Thus, when it shall be inquired, what is man?

We say, he is a material being, organized after a peculiar manner; conformed to a certain mode of thinking—of feeling; capable of modification in certain modes peculiar to himself—to his organization— to that particular combination of matter which is found assembled in him.

If, again, it be asked, what origin we give to beings of the human species?

We reply, that, like all other beings, man is a production of Nature, who resembles them in some respects, and finds himself submitted to the same laws; who differs from them in other respects, and follows particular laws, determined by the diversity of his conformation.

If, then, it be demanded, whence came man?

We answer, our experience on this head does not capacitate us to resolve the question: but that it cannot interest us, as it suffices for us to know that man exists; that he is so constituted, as to be competent to the effects we witness.

But it will be urged, has man always existed? Has the human species existed from all eternity; or is it only an instantaneous production of Nature? Have there been always men like ourselves? Will there always be such? Have there been, in all times, males and females? Was there a first man, from whom all others are descended? Was the animal anterior to the egg, or did the egg precede the animal? Is this species without beginning? Will it also be without end? The species itself, is it indestructible, or does it pass away like its individuals? Has man always been what he now is; or has he, before he arrived at the state in which we see him, been obliged to pass under an infinity of successive developements? Can man at last flatter himself with having arrived at a fixed being, or must the human species again change? If man is the production of Nature, it will perhaps be asked, Is this Nature competent to the production of new beings, to make the old species disappear? Adopting this supposition, it may be inquired, why Nature does not produce under our own eyes new beings—new species?

It would appear on reviewing these questions, to be perfectly indifferent, as to the stability of the argument we have used, which side was taken; that, for want of experience, hypothesis must settle a curiosity that always endeavours to spring forward beyond the boundaries prescribed to our mind. This granted, the contemplator of Nature will say, that he sees no contradiction, in supposing the human species, such as it is at the present day, was either produced in the course of time, or from all eternity: he will not perceive any advantage that can arise from supposing that it has arrived by different stages, or successive developements, to that state in which it is actually found. Matter is eternal, it is necessary, but its forms are evanescent and contingent. It may be asked of man, is he any thing more than matter combined, of which the former varies every instant?

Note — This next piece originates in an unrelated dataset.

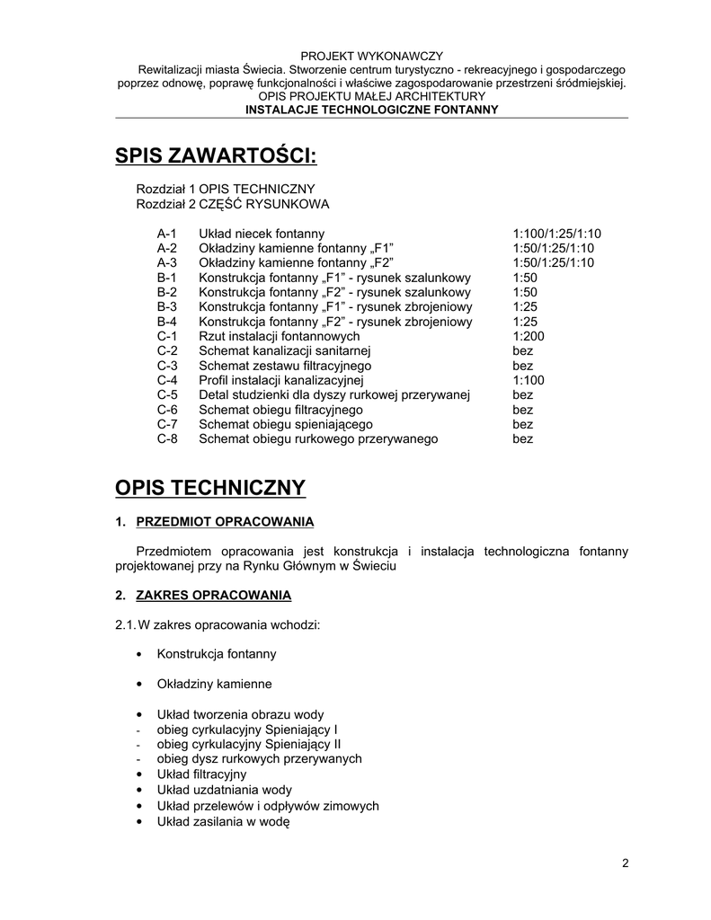 SPIS ZAWARTOŚCI: OPIS TECHNICZNY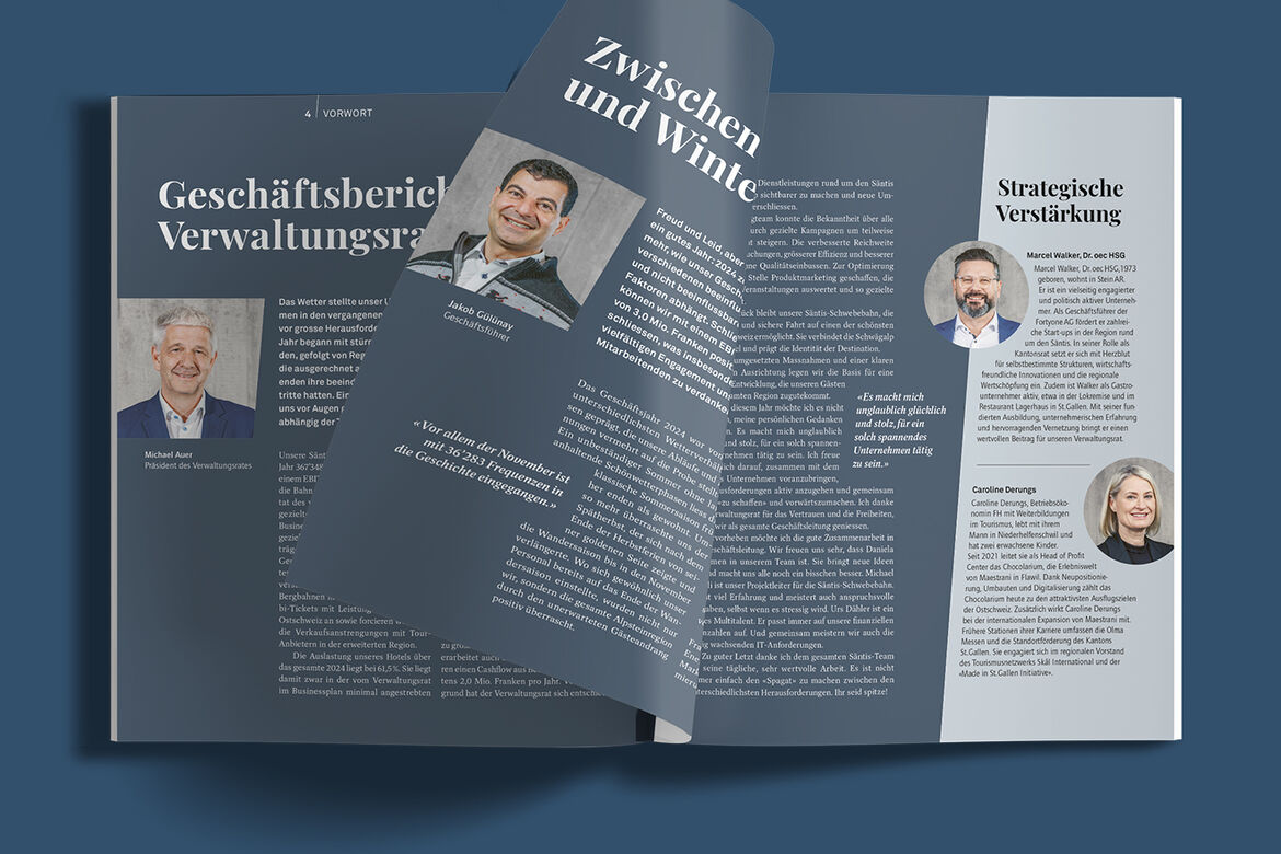 Ein Geschäftsbericht, der nicht nur Zahlen liefert, sondern Lust aufs Lesen macht? Die Säntis-Schwebebahn AG zeigt auch in der dritten Ausgabe ihres Säntis Magazins, wie moderner Unternehmensjournalismus funktioniert: publikumsnah, gestalterisch hochwertig und redaktionell durchdacht.

Notwithstanding, some reflections seem to favor the supposition, to render more probable the hypothesis, that man is a production formed in the course of time; who is peculiar to the globe he inhabits, who is the result of the peculiar laws by which it is directed; who, consequently, can only date his formation as coeval with that of his planet. Existence is essential to the universe, or the total assemblage of matter essentially varied that presents itself to our contemplation; the combinations, the forms, however, are not essential. This granted, although the matter of which the earth is composed has always existed, this earth may not always have had its present form—its actual properties; perhaps it may be a mass detached in the course of time from some other celestial body;—perhaps it is the result of the spots, or those encrustations which astronomers discover in the sun's disk, which have had the faculty to diffuse themselves over our planetary system;— perhaps the sphere we inhabit may be an extinguished or a displaced comet, which heretofore occupied some other place in the regions of space;—which, consequently, was then competent to produce beings very different from those we now behold spread over its surface; seeing that its then position, its nature, must have rendered its productions different from those which at this day it offers to our view.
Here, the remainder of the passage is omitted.